Samuel Miller's will also provided for a distribution of the proceeds of the sale of the interest underlying the life estate. Bessie Miller was to take one-half of those proceeds outright, with the other half going to Samuel Miller's children outright. As she was empowered to sell only the one-half of the home owned by her husband, and entitled to one-half of the proceeds of that sale, she was entitled to 25 percent of the proceeds of the sale of the home.

III. CONCLUSION

We hold that Samuel Miller made three bequests in his will regarding his home. He granted his wife a life estate in his 50 percent interest in the family home at 4122 Emory Road, with a remainder to his children.

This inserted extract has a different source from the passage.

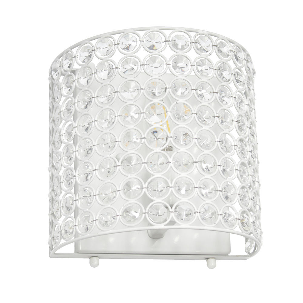 The simple yet chic design of this 1-light wall sconce is sure to update your hallway, bathroom, office or any area in your home with elegance. The metal shade is embellished with charming clear crystals that provide glowing ambient light. This style can easily work with any contemporary or modern decor. Smooth matte white metal frame. Shade measures 8"L x 4.5"W x 8"H and is embellished with clear crystals . Measuring at 8"L x 4.75"W x 8.25"H, this wall sconce is the perfect size for your hallway, bathroom, office, entryway, stairwell, dining room, living room or bedroom. Assembly and hardwiring required. Requires 1 x 40 watt type B10 E12 candelabra base bulb (not included). Additional finish options available. Base Type: E12 Candelabra. Base Dimensions: Back plate: 5.875"L x 0.75"W x 8.25"H. Bulb Included: No. Does the item contain wood: No. Replacement Parts Available: Yes.

He granted his wife the express power to sell such 50 percent interest if she should desire to do so. Finally, he granted his wife one-half of the proceeds of the sale of the interest underlying the life estate, when and if the power of sale was exercised. We sustain Appellant's first point of error, and hold that the trial court erred in not granting Appellant's motion to modify judgment because, as a matter of law, Appellee was entitled only to one-half of the proceeds of the sale of the one-half interest of the husband in the home. We therefore modify the judgment of the trial court such that Appellee receives 25 percent of the proceeds of the sale of the whole property.

The judgment of the trial court is affirmed as modified.

NOTES

[1] Mrs. Miller died before the case went to trial and Andy R. Wilson, Appellee herein, was substituted as Plaintiff in his capacity as personal representative of Mrs. Miller's estate.

[2] After judgment was entered, Margaret Miller transferred all of her interests in Samuel Miller's estate to her brother, Phillip Miller.

[3] We note that in 1991, the Legislature changed the distribution scheme provided for in Section 45 of the Probate Code. Kathryn Miller's share of community property passed under the old scheme, then in effect. TEX.PROB.CODE ANN. § 45 (Vernon Supp.1994).

[4] Less 1/10 of the property which was awarded to a son, Raymond Griffin, who was not a devisee under the will.

[5] On related appeal after remand, modified concerning partial distribution issue in closing the estate in Lesikar v. Rappeport, 809 S.W.2d 246 (Tex.App.—Texarkana 1991, no writ).